Все еще мельтешил, взвихривался за окном крупяной снег, ударялся беззвучно о стекло, скользя, ссыпался куда-то вниз, и Куропавину все же почудилось — выдыхался заряд, убывала в нем сила, и звон тот прежний, еле слышимый, звучал теперь тоньше, мелодичней, будто вибрировала, пела весенняя льдинка-закраешек на вскрывшемся небуйном ручейке.
И внезапно тишину, покойность разрушил звонок телефона — Куропавин не сразу среагировал на короткие прерывистые сигналы.
Подняв трубку, не думая, кто бы мог домогаться столь поздно, еще не отвлекшись до конца от владевшего им состояния, автоматически сказал «да».
— Долго еще собираешься сидеть? Домой не думаешь?
В приглушенном, не крепком после болезни голосе жены уловил обиду и забеспокоился — не хуже ли ей.
— Галя?! Как дела? Самочувствие?! И ты — дома?! Тебя выписали из госпиталя?
— Посмотри на календарь, — не отвечая на его вопросы, продолжала она чуть обиженным голосом. — Может, напомнит?
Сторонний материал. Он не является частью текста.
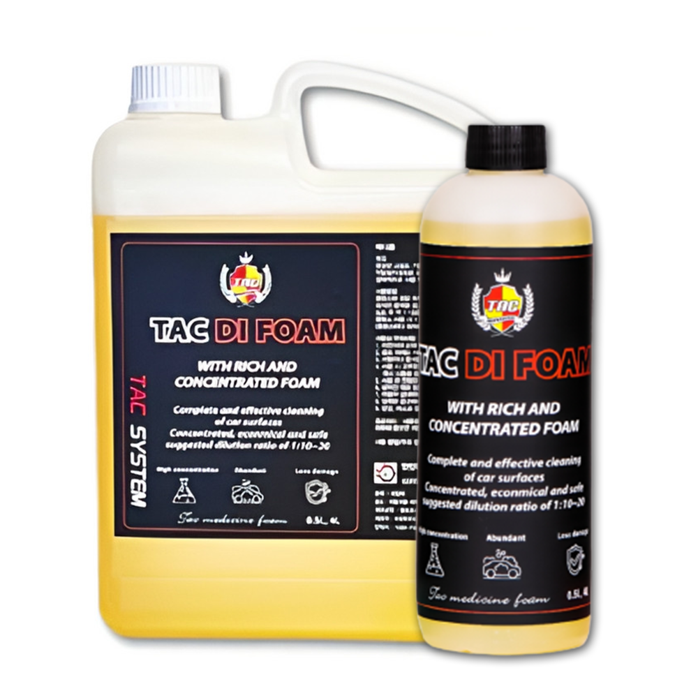 TAC DI FOAM is a type of acidity car shampoo to be safe to use. It is a product to remove organic contaminants on the surface. The ultra high dilution of TAC DI FAM makes for a very cost effective car shampoo. This alkalescent car shampoo formula is safe for all exterior vehicle surfaces and wheels.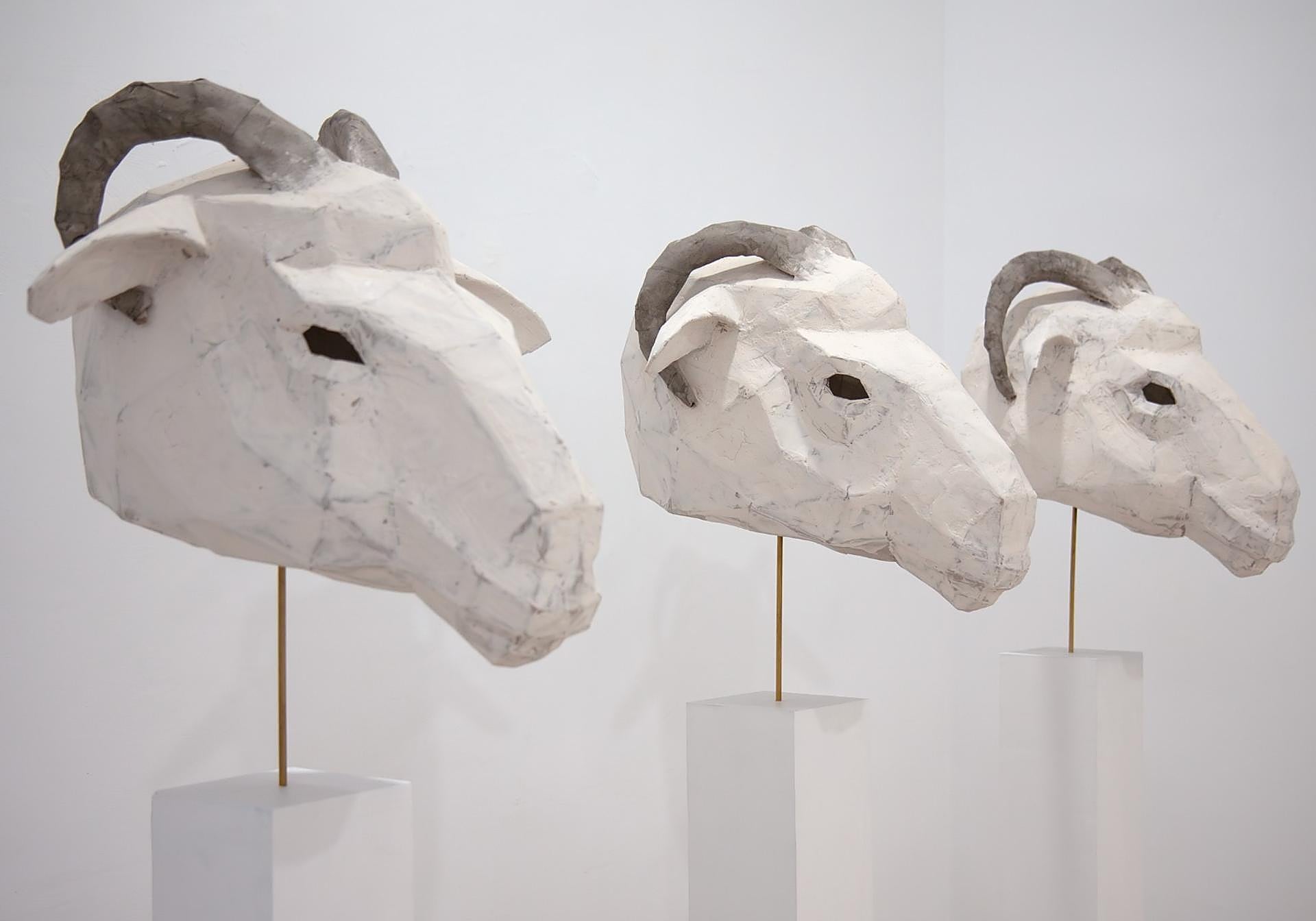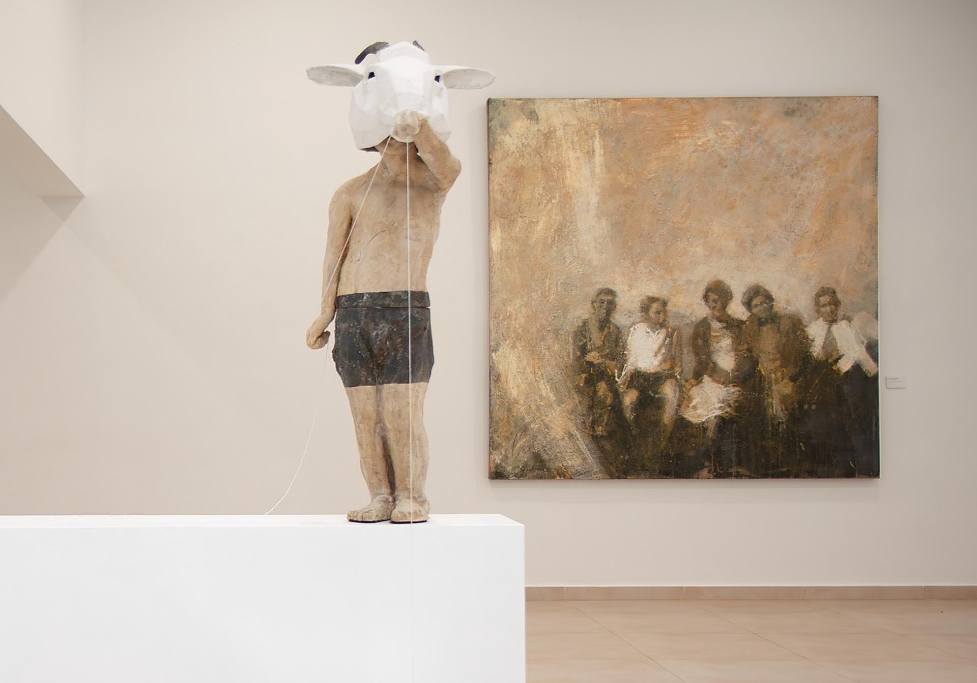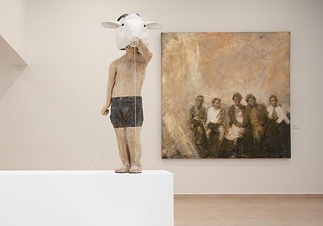 Junto a estas pinturas se exhibe la serie escultórica Yeso de Creta (Caretas), compuesta por tres cabezas de cabra realizadas en cartón y papel, que remiten a la tradición de los gigantes y cabezudos populares, suspendidas en el vacío como fragmentos de un ritual perdido. El recorrido culmina con la instalación escultórica Careta y cuchillo, una figura humana de aspecto hierático que sostiene un hilo del que cuelga una hoja dorada. La máscara animal, que sustituye su rostro, nos enfrenta de nuevo a la idea de transformación: ni del todo hombre, ni del todo bestia, ni del todo vivo. Una alegoría poderosa del tránsito entre el ser y el desaparecer.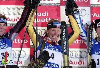 En effet, ce jour là se déroule le géant féminin et cette course verra trois filles se partager la victoire : l’Autrichienne Nicole Hosp, la Norvégienne Andrine Flemmen, meilleur temps de la première manche, et la Slovène Tina Maze, âgé de 19 ans.

Скользнув по листку календаря на деревянной подставке, он в жгучем приливе стыда вспомнил: у нее день рожденья, и, выходит, ее отпустили из госпиталя домой — совсем или на этот один день? «Вот тебе на, опростоволосился, и в такое для нее безжалостное, бессердечное время!»
— Галя! Прости! Все бросаю! Сейчас буду.